Notable Quotes & Moments
- "Microsoft identified AI traits in the code, including verbose business like comments, over engineered functions and formulaic obfuscation." — Sarah Lane [00:18]
- "WestJet says it's engaged experts to investigate and is informing affected individuals, advising vigilance against phishing or social engineering attempts." — Sarah Lane [01:32]
- "Harrods has informed affected customers and authorities, warning them to watch for phishing, and confirmed that the threat actor unsuccessfully attempted to engage in extortion." — Sarah Lane [03:21]
- "Officials warn that OT compromises can disrupt critical infrastructure such as energy, water and manufacturing." — Sarah Lane [05:38]

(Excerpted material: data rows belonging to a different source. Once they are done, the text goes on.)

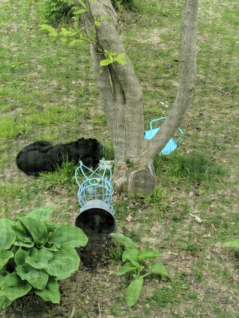 Dog Mom Fail… When I plant flowers and apparently put the chair pot holders in the dog’s favorite spot to lay down….
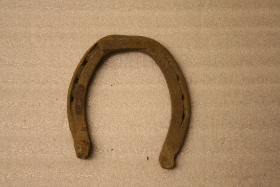 Iron horse shoe. Four square shaped holes on either side. Worn at top. Metal has bent and stretched
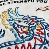 フロントには虎とパラシュート、背中には迫力のある龍の刺繍入り。プリントでは味わえない立体感と存在感が特徴です。

Timestamps for Important Segments
- [00:07] Microsoft AI phishing attack blocked
- [01:11] WestJet breach notification
- [01:57] Ukrainian police spoofing and fileless malware
- [02:38] Harrods customer data breach
- [04:07] Tile tracking tag privacy flaw
- [04:44] Neon app privacy incident
- [05:07] OT (Operational Technology) security guidance
- [05:41] “Evil AI” Trojan malware campaign
- [06:29] Vendor market commentary
Tone and Language
Sarah Lane maintains a factual, concise, and slightly conversational tone, providing clarity and emphasis on practical takeaways without sensationalism.
Useful For:
Those needing a rapid, informed summary of the latest cyber risks, enterprise breaches, supply chain vulnerabilities, and evolving attack techniques—plus context on regulatory activity and security industry trends.